The calculation method utilizes the familiar Barlow equation, but with the application of compressive strengths. Therefore, because the reinforced thermoset materials retain a much greater strength, particularly in compression, it becomes mandatory to use them in high pressure gas systems.

Testing. Shell Canada initiated an experiment to evaluate lining materials for high pressure H2S gas service in relation to the afore-mentioned design constraint.

The test samples included PVC lined steel and RTR lined steel along with various thin film coatings (epoxy, phenolic, cement mortar, etc.). The various suppliers were asked to submit lined four-foot tubing pups which were subsequently screwed together in a test loop and installed in a high pressure (1,200psi) sour gas stream at 140° F. The gas was composed of 5.8% H2S, 5.74% CO2 and 81.5% methane, the liquids 13 and .3 barrels/MMscfd of condensate and salt water respectively.

The test lasted one year. The first phase involved a static test with rapid depressuring every three days for one month. Following this phase, the gas stream was followed through the surviving systems for 11-months with monthly depressuring and inspection.

Several of the above systems survived the test with differing degrees of deterioration. Based on visual examination, the only system to pass the test program unscathed was to be the RTR lined steel pipe. The PVC liner deformed due to a gas pocket formed in the upper quadrant of the circumference, indicating that the wall crushing strength had been exceeded.

Subsequent testing independent of these showed that the short term compressive strength for plastic pipe could be used to determine its collapse resistance, since depressuring is a relatively instantaneous procedure. Typical calculations for 4-inch plastic pipe, for example, are: (1) 500 psi for PE SDR 15.5; (2) 950 psi for PVC SDR 17; and (3) 1,850 psi for standard thin wall RTR pipe - which lends further credence to the nature of the results in the Shell Canada tests.

Installation. It was decided in 1974 to install the RTR lined steel concept in a critical 1.1-mile portion of the Hunter Valley pipeline as a repair system.

Line graph: Pipe line profile and layout

A nominal 4-inch RTR pipe was chosen which had a rating of 300 psi in a free- standing system. It was constructed with anhydride-cured bisphenol A epoxy resin reinforced with continuous winding of glass strands and a plasticized inner resin-rich layer.

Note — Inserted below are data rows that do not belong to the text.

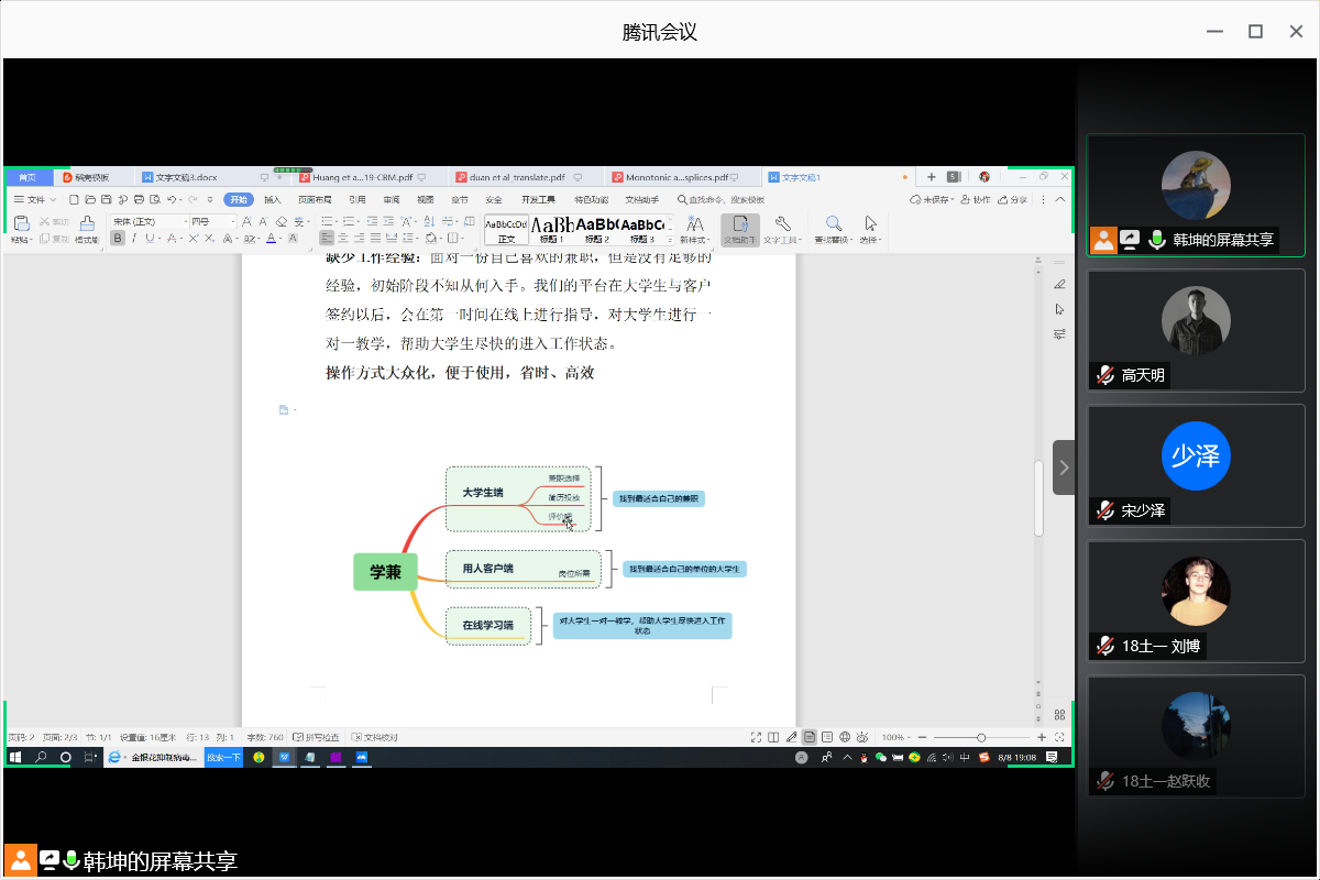 8月8日晚,Beat365官方网站关于对家乡所在地企业复工复产和大学生就业形势及行业政策调研下“学兼”APP软件设计创新队召开前期调研线上讨论会议,就前期实地调研结果进行分析讨论。本次会议由队长韩坤主持,全体团队成员参与。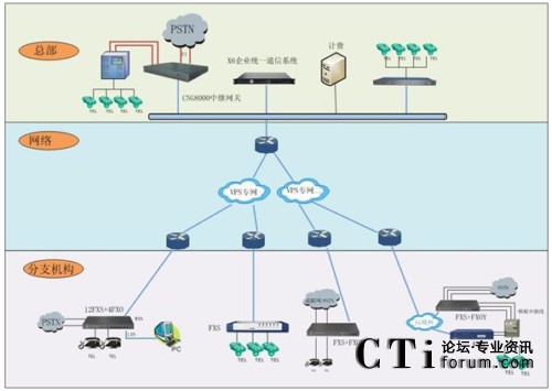 位于不同VPN網(wǎng)絡(luò)的分支機構(gòu)統(tǒng)一接入X6系統(tǒng)進行交換轉(zhuǎn)發(fā)。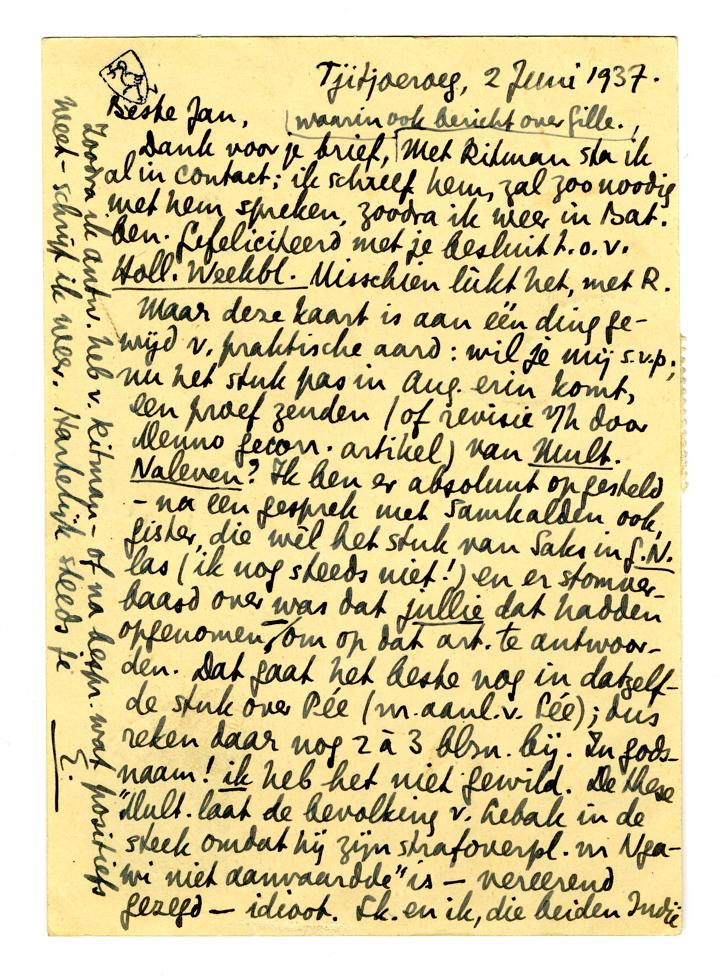 Dank voor je brief, waarin ook bericht over Gille. Met Ritman sta ik al in contact; ik schreef hem, zal zoo noodig met hem spreken, zoodra ik weer in Bat. ben. Gefeliciteerd met je besluit t.o.v. Holl. Weekbl. Misschien lùkt het, met R.4666

Unisert Systems installed the RTR lined steel pipe in the summer of 1975. The RTR pipe was completely joined on surface and pressure tested to 500 psi. It was then winched into the existing steel case with a steel cable as is common in a slip-lining technique. The annular space was then packed off at the ends to provide a defined volume. The cementing ports, 500 to 1,000 feet apart, were situated to act as air escape vents. (Fig. 3) The grout was pumped from one port to next port in succession. The final system was then pressure tested at 2,200 psi.

The success of the cementing process is attributed to the rising action of the liner during grout injection. This eliminates any stagnant areas in the annular space and ensures a complete fill with solid material.

The plastic pipe positions itself in the following manner after being inserted into the existing metal carrier pipe: Figure 5A - after pulling, the plastic may be positioned eccentrically within the outer pipe, particularly around side bends. Figure 5B - the plastic pipe is filed with water, the weight of which relaxes any slight residual tension from the pull and forces the inner pipe to be cradled at the bottom of the outer pipe as in two concentric circles. The pipe is internally pressured at this time to prevent its collapse during the cement process. In the case of the 4-inch nominal diameter RTR, the pipe itself weighs approximately .80 lb./ft.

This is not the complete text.